Background information
- Also known as: VFC
- Origin: Los Angeles, California
- Genres: Pop, R&B, Rock, Hip Hop music
- Years active: 2007–2013
- Label: Capitol Records
- Past members: Drew Ryan Scott Jayk Purdy Thomas "T.C." Carter Thomas Fiss Bobby Edner David Lei Brandt

= Varsity Fanclub =

American boy band

Varsity Fanclub was an American boy band, formed in 2007 by Capitol Records.

== Career ==
The band, consisting of Drew Ryan Scott, David Lei Brandt, Bobby Edner, Jayk Purdy and Thomas Fiss, was formed through a band casting in 2007. Their first major performance was at the well-known Macy's Thanksgiving Day Parade in front of over 40 million television viewers, followed by an appearance on the ABC Family series The Middleman. They then released their first single on Capitol Records entitled Future Love (written by Ryan Tedder and Evan Bogart; produced by the producers of OneRepublic) and ended up directly into Radio Disney's playlist and The N's video rotation. After a US tour as opening act for Rihanna, the Pussycat Dolls and Jesse McCartney in 2008 and 2009, the band parted ways with their former management and their record company.
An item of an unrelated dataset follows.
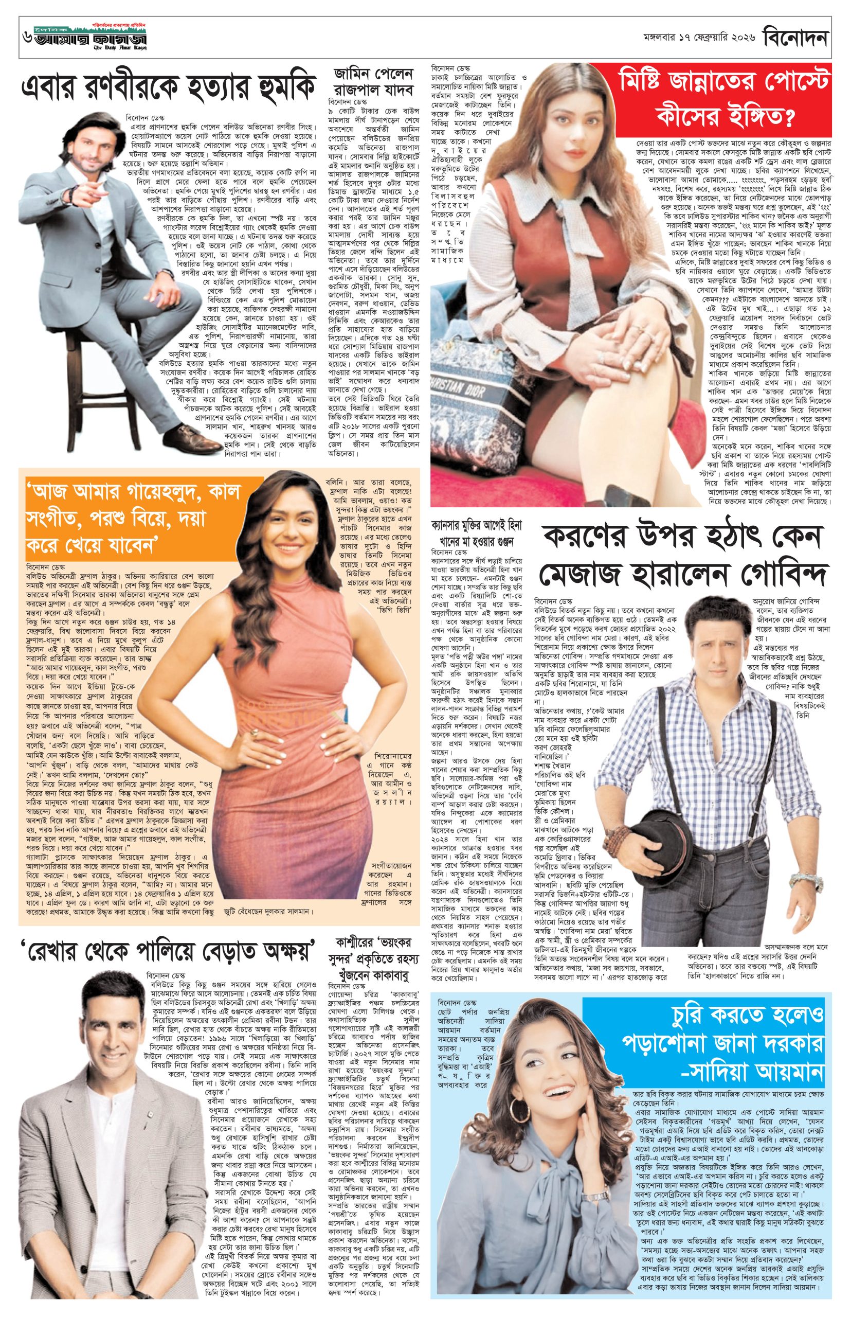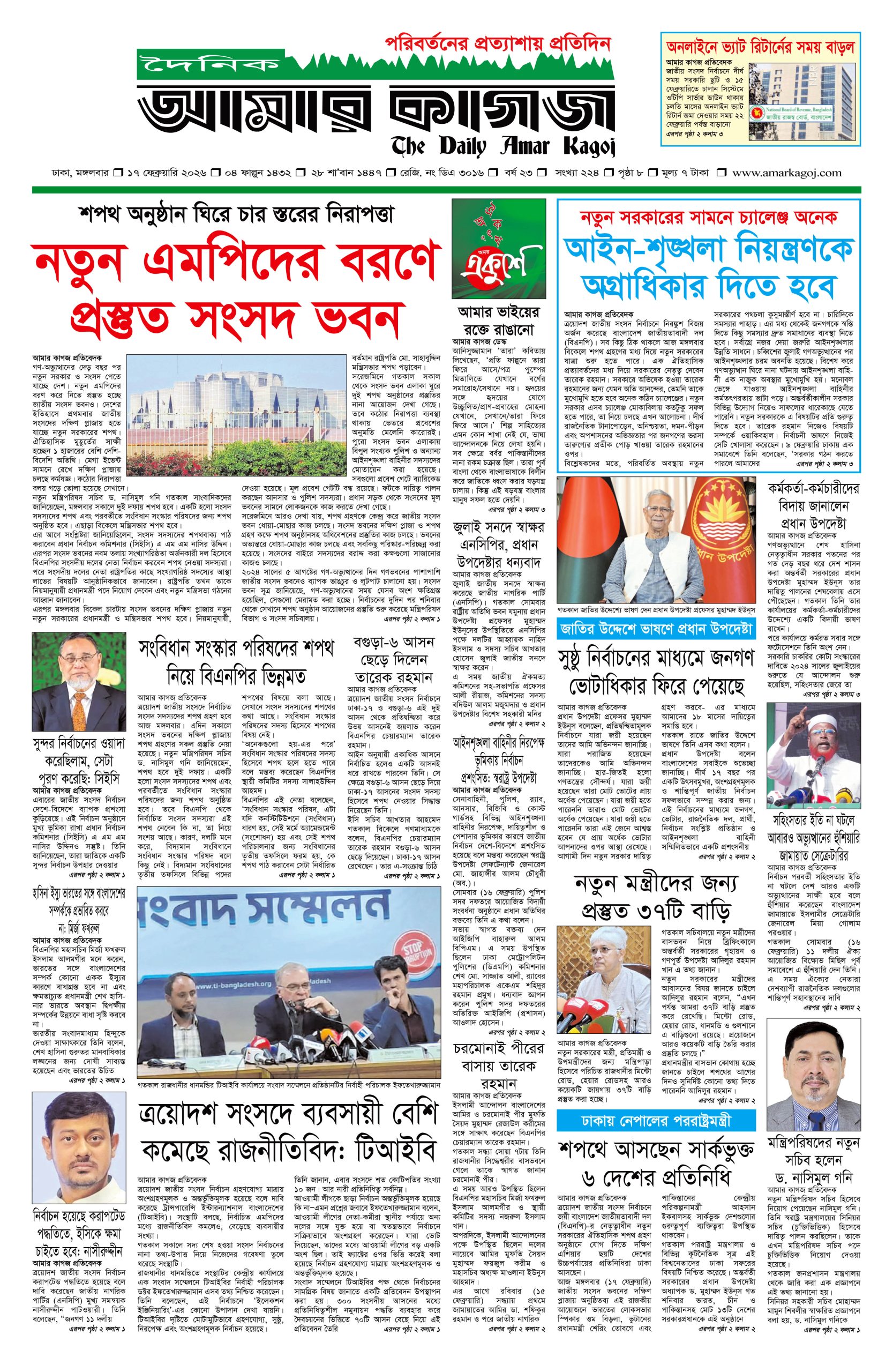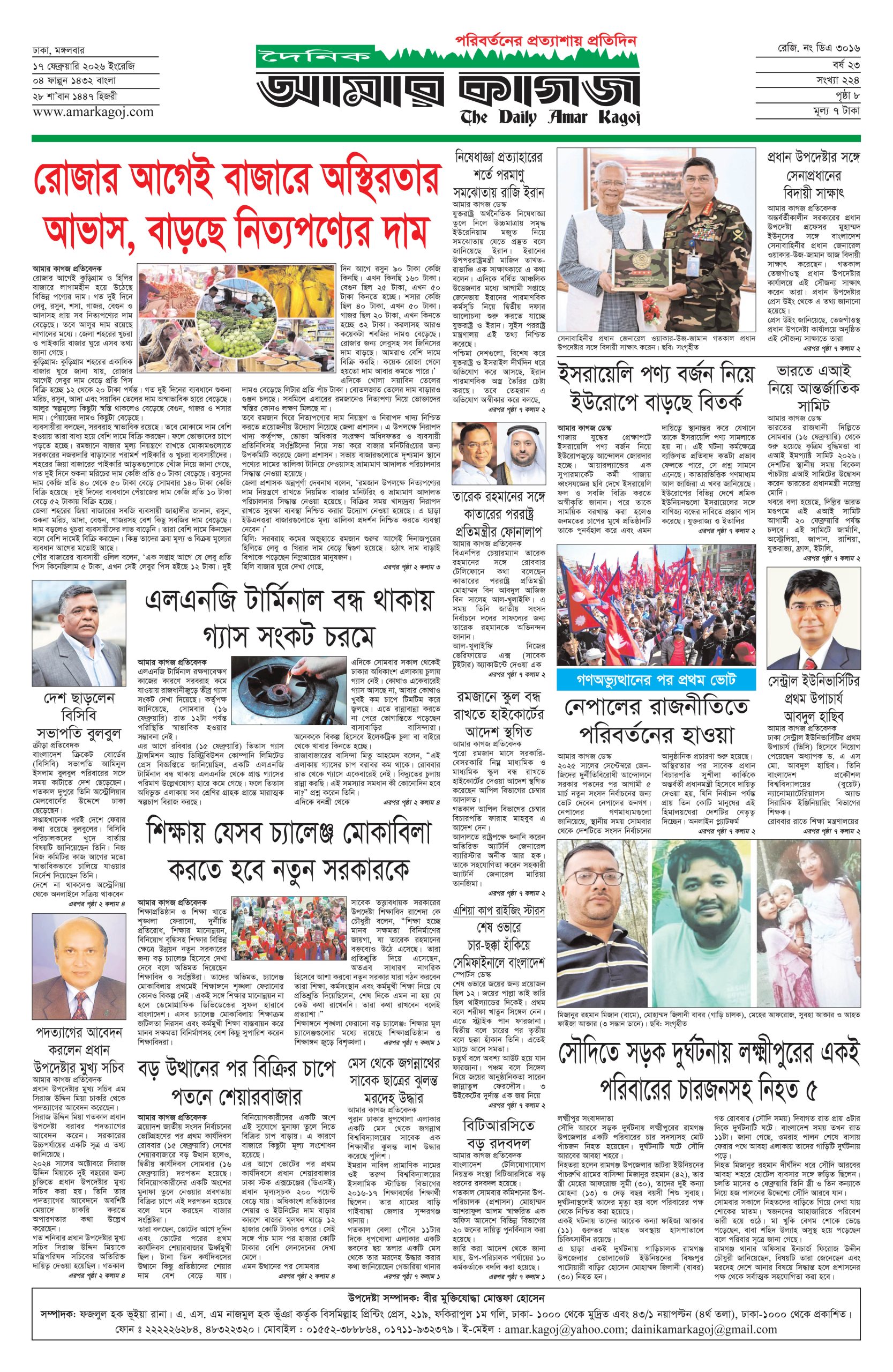 ই পেপার প্রধান সংবাদ সর্বশেষ দৈনিক আমার কাগজ ই-পেপার (মঙ্গলবার, ১৭ ফেব্রুয়ারি ২০২৬) Faruk Hossain February 17, 2026 10:07 AM Continue Reading Previous: মন্ত্রিসভায় আলোচনায় যাঁরা, কে পাচ্ছেন কোন মন্ত্রণালয়Next: কুমিল্লায় প্রবাসীর স্ত্রী ও দুই শিশুর গলাকাটা মরদেহ উদ্ধার Leave a Reply Cancel replyYour email address will not be published. Required fields are marked *Comment * Name * Email * Website Save my name, email, and website in this browser for the next time I comment. Related Stories মেয়ে জাইমাকে নিয়ে ‘বনলতা এক্সপ্রেস’ দেখতে সিনেমা হলে প্রধানমন্ত্রী 1 min read প্রধান সংবাদ মেয়ে জাইমাকে নিয়ে ‘বনলতা এক্সপ্রেস’ দেখতে সিনেমা হলে প্রধানমন্ত্রী April 3, 2026 10:49 PM জ্বালানির মূল্য নিয়ে সহসা একটি সিদ্ধান্ত আসতে পারে: অর্থমন্ত্রী 1 min read জাতীয় জ্বালানির মূল্য নিয়ে সহসা একটি সিদ্ধান্ত আসতে পারে: অর্থমন্ত্রী April 3, 2026 10:39 PM ১৯ দিনে হামের উপসর্গ নিয়ে ৯৪ শিশুর মৃত্যু জাতীয় ১৯ দিনে হামের উপসর্গ নিয়ে ৯৪ শিশুর মৃত্যু April 3, 2026 10:38 PM

After this separation, Fiss departed as well. The band changed members and through another audition found Thomas "T.C." Carter to replace him. After a short finding phase, the band decided on a European management and worked on new songs and choreographies and prepared for their first tour in Europe. They also released a download single entitled Spank That which was promoted with both a video contest and a specially made up crap dance which they performed with Miley Cyrus. In the summer of 2010, Varsity Fanclub went on a three-month promotional tour in Germany, during which they also released their first physical single on the European market entitled I'm Your Guy. During this promotional tour, they appeared in television programs such as ZDF-Fernsehgarten or VIVA Live as well as at family festivals such as REWE Family or the Toggo Tour of Super RTL.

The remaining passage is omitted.